Came across an interesting SQL problem where a customer has a table with a primary key and X numerical fields.  For each record the maximum value in these X fields was needed.

The issue was how to accomplish this efficiently?  Or more accurately the least inefficient way of doing it is.
One option suggested was to have to UNION the table with itself X times and then do a MAX aggregation since there was a lot of data.
 
The more interesting option, which it turns out not many people are aware of, is to use a Scalar User Defined Function (UDF) to calculate the maximum value.
 
Here's an example of this in action:
 
CREATE FUNCTION CubicVolume
-- Input dimensions in centimeters
   (@CubeLength decimal(4,1), @CubeWidth decimal(4,1),
    @CubeHeight decimal(4,1) )
RETURNS decimal(12,3) -- Cubic Centimeters.
AS
BEGIN
   RETURN ( @CubeLength * @CubeWidth * @CubeHeight )
END
CREATE TABLE Bricks
   (
    BrickPartNmbr   int PRIMARY KEY,
    BrickColor      nchar(20),
    BrickHeight     decimal(4,1),
    BrickLength     decimal(4,1),
    BrickWidth      decimal(4,1),
    BrickVolume AS
              (
               dbo.CubicVolume(BrickHeight,
                         BrickLength, BrickWidth)
              )
   )
 
Basically the scalar UDF is called for each row returned from a SELECT.  The column itself is not actually stored in the SQL Server table.  Any INSERT and UPDATE on the table do not calculate the value for the computed column.  Now obviously this is an overhead that may not be acceptable if the table is very static and read a lot.  Here, it may be more efficient to perform the calculation once on INSERT or UPDATE of the table with INSTEAD OF triggers or another similar method.
 
 
 
Published 07 March 2005 15:40 by dave.morris

Comments

 

dave.morris said:

Whilst I would agree that this is a very neat approach in most cases the performance impact will be so great that this approach should be avoided, since the function is called on a row by row basis and unfortunately this comes with a significant overhead.

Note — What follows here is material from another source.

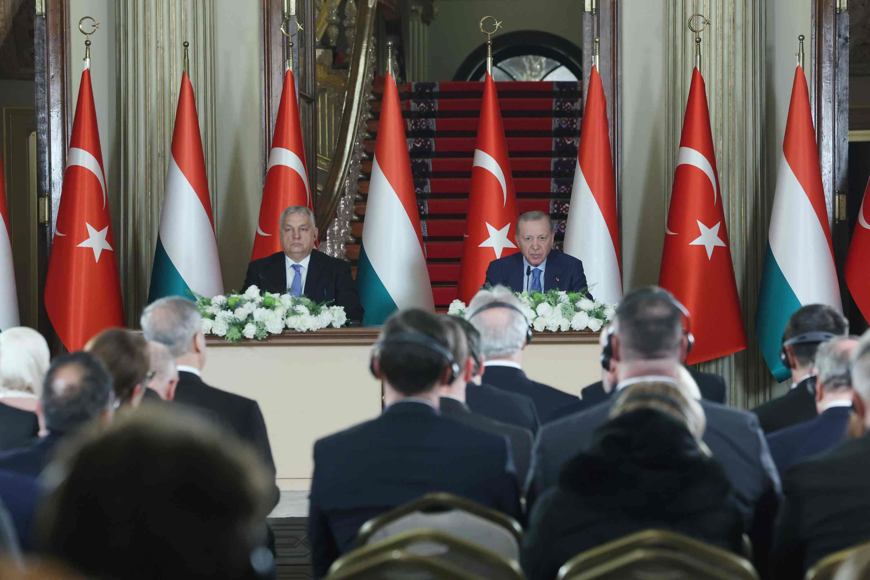 İmza töreni sonrası düzenlenen ortak basın toplantısında konuşan Cumhurbaşkanı Erdoğan, "İki yıl önce Budapeşte'de düzenlediğimiz toplantımızda ilişkilerimizi geliştirilmiş ortaklık düzeyine çıkarmıştık. Son yıllarda Sayın Orban ile gerek ikili ziyaretler, gerek Türk Dünyası Teşkilatı ve diğer uluslararası platformlarda birçok görüşmemiz oldu. Geçtiğimiz nisan ayında 4. Antalya Diplomasi Forumu'nda ve akabinde Macaristan’ın ev sahipliğinde Budapeşte’de düzenlenen Türk Devletleri Teşkilatı gayriresmi zirvesi marjındaki toplantıda Sayın Orban ile bir araya gelmiştim. Dostluk anlaşmasının 100. yılı münasebetiyle ilan ettiğimiz Kültür Yılı kapanış etkinliğini de geçen yıl aralık ayında sayın cumhurbaşkanı ve Sayın Orban ile birlikte yapmıştık. Bugünkü görüşmemizde ikili ilişkilerimizi gözden geçirmekle kalmayıp enerji, ulaştırma, ticaret, savunma ve kültür gibi alanlarda işbirliğimizi daha da geliştirme irademizi teyit ettik. Havacılıktan güvenliğe, teknolojiden kültür ve eğitime münasebetlerimizin ahdi zeminini güçlendirecek muhtelif belgelerin imzasını gerçekleştirdik. Dışişleri ve savunma bakanlarımız ile istihbarat ve savunma sanayii başkanlarımız evvelce tesisinde mutabık kaldığımız ortak istişare mekanizmasının ilk toplantısını yaptılar. Bugün ayrıca ikili ve küresel meselelerin çok daha kurumsal bir şekilde ele alınmasına imkan verecek ortak bir planlama ile dışişleri bakanlarımızın başkanlığında kurulmasını kararlaştırdık. Her iki mekanizmayı, ilişkilerimizin ulaştığı seviyeyi göstermesi bakımından anlamlı buluyor, bu istişare formatlarının işbirliğimizin güçlendirilmesine ilave katkılarda bulunacağına inanıyorum" dedi.

In more complex examples you will be surprised what can be achieved with the CASE statement. It might look ugly but it almost certainly out performs any other approach.

What will be interesting to see is how a 2005 CLR function will compete against the good old CASE statement for example to determine the largest value across multiple columns.

What will be interesting to see is how a CLR function will compete against the good old CASE statement



March 9, 2005 12:42
 

dave.morris said:

I do appreciate the overhead of performing anything on a row basis vs. a set operation so as with anything in SQL be aware of what its doing and the overhead it introduces.

We did a bit of testing here, trying 3 methods - scalar function, UNION and CASE statement. The first two consistently completed in around 800ms, the CASE statement in around 140ms. As we would expect.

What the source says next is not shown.